Metadata-Version: 2.4
Name: ikigai
Version: 0.1.6
Summary: Python client for ikigailabs
Project-URL: Documentation, https://github.com/ikigailabs-io/ikigai#readme
Project-URL: Issues, https://github.com/ikigailabs-io/ikigai/issues
Project-URL: Source, https://github.com/ikigailabs-io/ikigai
Author-email: Harsh Parekh <harsh@ikigailabs.io>
License-Expression: MIT
License-File: LICENSE.txt
Classifier: Development Status :: 4 - Beta
Classifier: Programming Language :: Python
Classifier: Programming Language :: Python :: 3.9
Classifier: Programming Language :: Python :: 3.10
Classifier: Programming Language :: Python :: 3.11
Classifier: Programming Language :: Python :: 3.12
Classifier: Programming Language :: Python :: 3.13
Classifier: Programming Language :: Python :: Implementation :: CPython
Classifier: Programming Language :: Python :: Implementation :: PyPy
Requires-Python: >=3.9
Requires-Dist: email-validator
Requires-Dist: eval-type-backport; python_version < '3.11'
Requires-Dist: pandas>=1.5
Requires-Dist: pydantic>=2.0
Requires-Dist: requests>=2.32
Requires-Dist: tomli; python_version < '3.11'
Requires-Dist: tqdm
Description-Content-Type: text/markdown

# ikigai

[![PyPI - Version](https://img.shields.io/pypi/v/ikigai.svg)](https://pypi.org/project/ikigai)
[![PyPI - Python Version](https://img.shields.io/pypi/pyversions/ikigai.svg)](https://pypi.org/project/ikigai)
[![Python Tests](https://github.com/ikigailabs-io/ikigai/actions/workflows/python-package.yml/badge.svg?branch=main)](https://github.com/ikigailabs-io/ikigai/actions/workflows/python-package.yml)

-----

## Table of Contents

- [Ikigai Platform Overview](#ikigai-platform-overview)
- [Getting an API Key](#getting-an-api-key)
- [Requirements](#requirements)
- [Installation](#installation)
- [Creating an Ikigai Client](#creating-an-ikigai-client)
- [Examples](#examples)
- [Apps](#apps)
- [Listing All Apps](#listing-all-apps)
- [Showing Details of an App](#showing-details-of-an-app)
- [Datasets](#datasets)
- [Finding a Dataset from an App](#finding-a-dataset-from-an-app)
- [Showing Details of a Dataset](#showing-details-of-a-dataset)
- [Downloading Your Existing Dataset](#downloading-your-existing-dataset)
- [Creating a New Dataset](#creating-a-new-dataset)
- [Updating a Dataset](#updating-a-dataset)
- [Flows](#flows)
- [Finding a Flow from an App](#finding-a-flow-from-an-app)
- [Running a Flow](#running-a-flow)
- [Getting the Status of a Flow](#getting-the-status-of-a-flow)
- [License](#license)

## Ikigai Platform Overview

The Ikigai Python library provides access to
[Ikigai's Platform API](https://docs.ikigailabs.io/api/platform-api)
from applications written in the Python language.

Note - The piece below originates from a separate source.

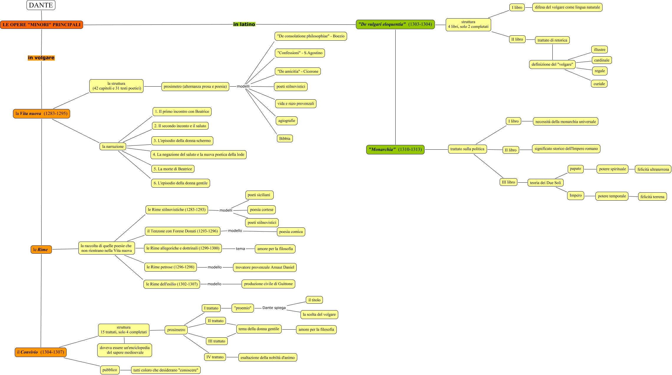 Questa Cmap, creata con IHMC CmapTools, contiene informazioni relative a: Dante opere minori - Acerbis Andrea, la narrazione 6. L'episodio della donna gentile, definizione del "volgare" illustre, "Monarchia" (1310-1313) trattato sulla politica, la narrazione 3. L'episodio della donna-schermo, la raccolta di quelle poesie che non rientrano nella Vita nuova le Rime allegoriche e dottrinali (1290-1300), prosimetro III trattato, definizione del "volgare" cardinale, struttura 4 libri, solo 2 completati I libro, potere temporale felicità terrena, prosimetro II trattato, "proemio" Dante spiega il titolo, la narrazione 2. Il secondo inconto e il saluto, pubblico tutti coloro che desiderano "conoscere", "proemio" Dante spiega la scelta del volgare, il Convivio (1304-1307) struttura 15 trattati, solo 4 completati, potere spirituale felicità ultraterrena, le Rime stilnovistiche (1283-1293) modelli poeti siciliani, prosimetro (alternanza prosa e poesia) modelli Bibbia, Impero potere temporale, le Rime dell'esilio (1302-1307) modello produzione civile di Guittone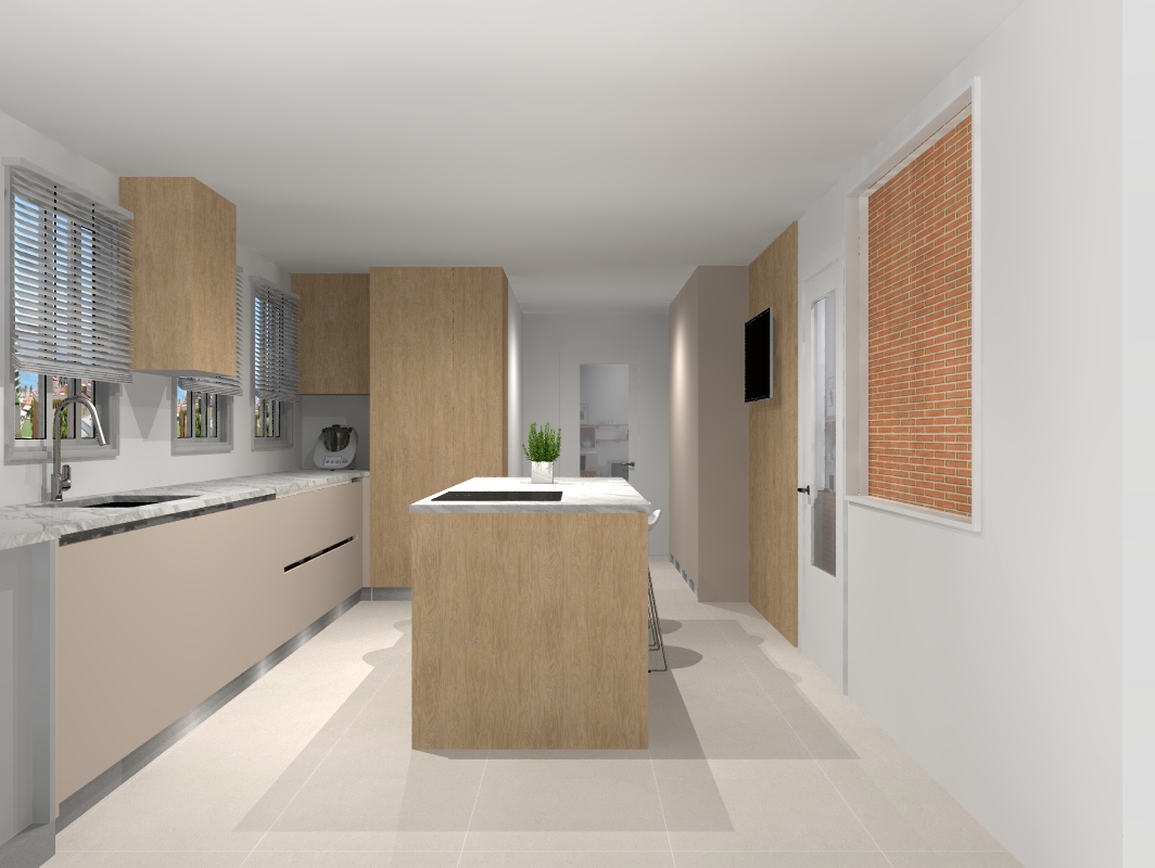 put a dining room through the right window do not change the colors of the cabinets

Ikigai enables you to build artificial intelligence apps, or AI apps,
that support business intelligence, machine learning and operational actions.

Apps are the basic organizational units in Ikigai. Apps are much like folders
and they contain all the components that work together to produce your desired
output. An app includes Connectors, Datasets, Flows, Dashboards, and Models.
You begin by creating an app, and then connecting to data. The data can exist
in a variety of forms, such as records in a database, information in a
spreadsheet or data in an application. To connect to different sources
of data, you use connectors.

Once you can access data, you create flows, which are pipelines to process and
transform the data. In each flow you can add pre-built building-blocks that
perform operations on your data. These building-blocks are called facets.
With flows, you can store rules which restrict who can access data, define
how data should appear in a standardized form and transform data so it’s easier
to analyze. Flows are reusable, which means you or others can define them once
and apply them to other apps.

## Getting an API Key

The library needs to be configured with your account's API key which is
available by logging into the Ikigai platform. To generate your API key
follow the steps below.

1. Once logged in, go to your account, under
**Profile** > **Account**.

1. Select the Keys option.

1. Click **Generate API Key** to generate a unique API key.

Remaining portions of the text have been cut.